Akan tetapi industri tersebut tidak cukup cepat dalam mengurangi emisi dan dapat mencapai target nol emisi global pada 2050.
Temuan ini didapat setelah World Economic Forum meneliti delapan industri yang sulit dikurangi emisinya, termasuk di dalamnya adalah baja, aluminium, semen, kimia, minyak dan gas, penerbangan, pengiriman, angkutan truk (trucking).
Sektor-sektor ini secara kolektif menyumbang 40 persen emisi gas rumah kaca (GRK) global.
Dikutip dari Edie, Rabu (18/12/2024) menurut laporan, emisi dari delapan sektor tersebut turun sebesar 0,9 persen antara tahun 2022 dan 2023, bahkan ketika emisi terkait energi global meningkat sebesar 1,3 persen selama periode yang sama.
Meskipun permintaan rata-rata meningkat sebesar 9,2 persen antara tahun 2019 dan 2023, sektor-sektor ini berhasil mengurangi total emisi dan intensitas emisi, yang menunjukkan bahwa upaya dekarbonisasi telah dipisahkan dari pertumbuhan permintaan.
Baca juga:
Sektor-sektor seperti aluminium, semen, kimia, penerbangan dan trucking mencapai pengurangan intensitas emisi melalui peningkatan penggunaan listrik terbarukan dan praktik daur ulang yang lebih baik.
Namun, laporan tersebut menekankan bahwa terlepas dari kemajuannya, industri-industri tersebut masih jauh dari memenuhi target nol emisi global pada tahun 2050.
“Meskipun masih ada jalan panjang yang harus ditempuh, sangat menggembirakan melihat bahwa sektor-sektor yang sulit dikurangi ini membuat langkah maju dalam pengurangan emisi, yang menunjukkan bahwa mereka berinvestasi dalam transisi energi," ungkap Kepala pusat energi dan material WEF, Roberto Bocca.
“Mencapai nol emisi pada tahun 2050 akan membutuhkan kolaborasi dan inovasi keuangan yang belum pernah terjadi sebelumnya di seluruh sektor untuk meningkatkan modal yang dibutuhkan.
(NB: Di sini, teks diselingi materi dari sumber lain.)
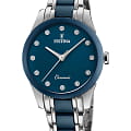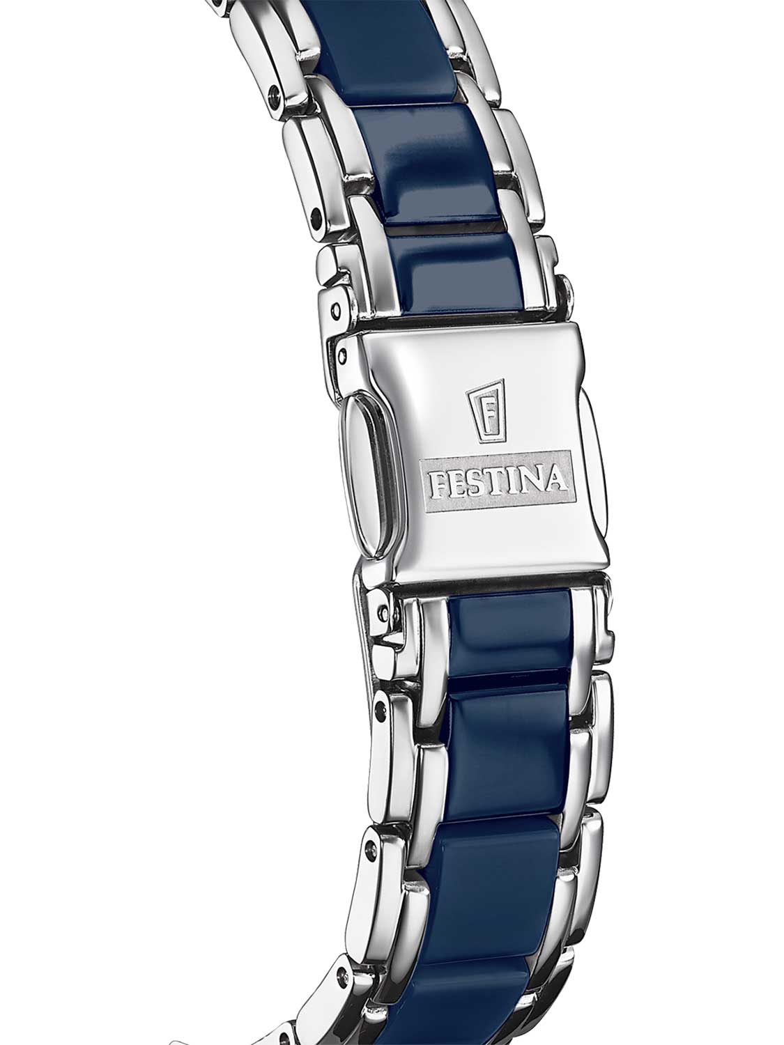 Яркий стиль и функциональность этих часов придутся по душе активной девушке. Кварцевый механизм с высокой точностью. Минеральное стеклоМинеральное стеклоМинеральное стекло представляет собой искусственно выращенный минерал кварца. Такое стекло отличается особой устойчивостью к повреждениям и царапинам. Уступает по некоторым качествам сапфировому стеклу. устойчивое к появлению царапин, обладающее высокой прозрачностью. Керамический неподвижный безельБезельВнешний ободок, закрепляющий стекло. В спортивных часах так называется поворотное кольцо с делениями на циферблате, выполняет роль таймера – замеряет отрезки времени на шкале. Неподвижный безель – элемент декора. Однонаправленно вращающийся безель на дайверских часах позволяет фиксировать моменты погружения и выныривания на поверхность.. Циферблат украшен кристаллами. Класс водозащиты: 50 метров, позволит защитить корпус от случайных брызг или капель дождя. Корпус часов изготовлен из нержавеющей стали. Браслет с керамическими вставками и с раскладной застёжкойРаскладная застёжкаТакой тип застёжки используется только на браслетах из металла. Она никогда не раскрывается полностью, происходит разделение на 2 и более частей. Раскладывающая застёжка снизит вероятность потери часов к минимуму..
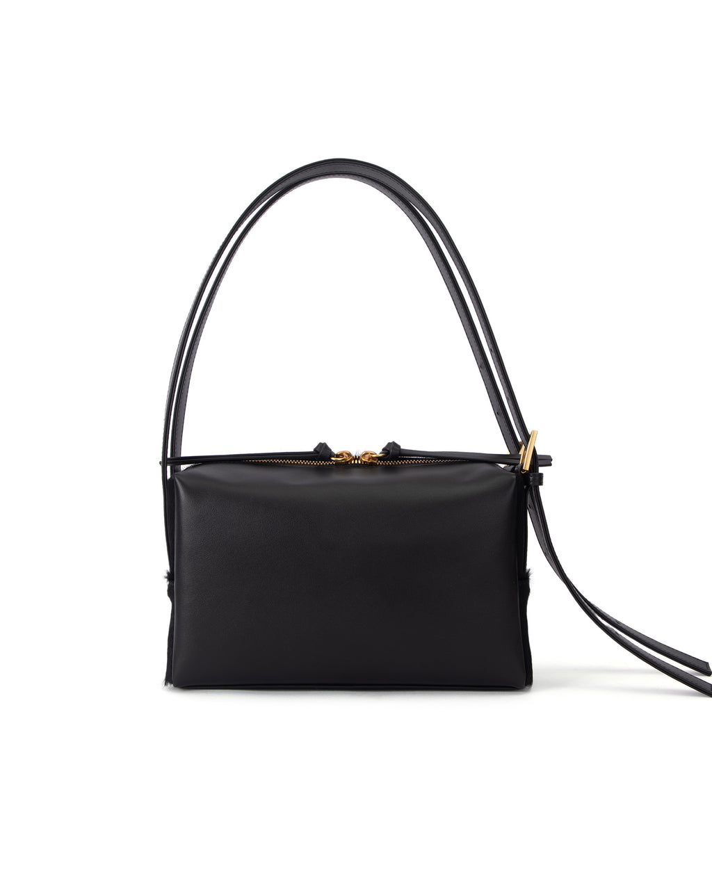 A bold, textural take on a sleek silhouette. The Jemma Bag in Black Ponyhair pairs a structured design with a dimensional ponyhair exterior and polished gold hardware. Finished with its signature double straps, it blends sophistication with a modern edge.

Namun, kami sudah memiliki banyak teknologi dan kerangka kebijakan untuk bertindak sekarang,” paparnya lagi.
Laporan memperkirakan pula untuk mencapai emisi nol bersih di delapan sektor tersebut akan membutuhkan investasi tambahan sebesar 30 triliun dollar AS pada pertengahan abad ini.
Dari jumlah tersebut, 13 triliun dollar AS berasal langsung dari industri, sementara 17 triliun dollar AS berasal dari ekosistem yang lebih luas, termasuk pemasok energi.
Penelitian tersebut juga menyoroti bahwa hampir setengah dari pengurangan emisi yang diperlukan dapat dicapai dengan menggunakan teknologi yang tersedia secara komersial.
Selain itu, laporan mencatat selama lima tahun terakhir, intensitas emisi telah menurun sebesar 4,1 persen yang didorong oleh upaya-upaya seperti mengadopsi listrik terbarukan, meningkatkan efisiensi energi, mengurangi konsumsi batu bara, dan meningkatkan daur ulang.
Baca juga:
Namun, hambatan tetap ada. Suku bunga tinggi, ketidakpastian politik, pembatasan perdagangan, dan infrastruktur terbatas untuk teknologi energi bersih memperlambat kemajuan.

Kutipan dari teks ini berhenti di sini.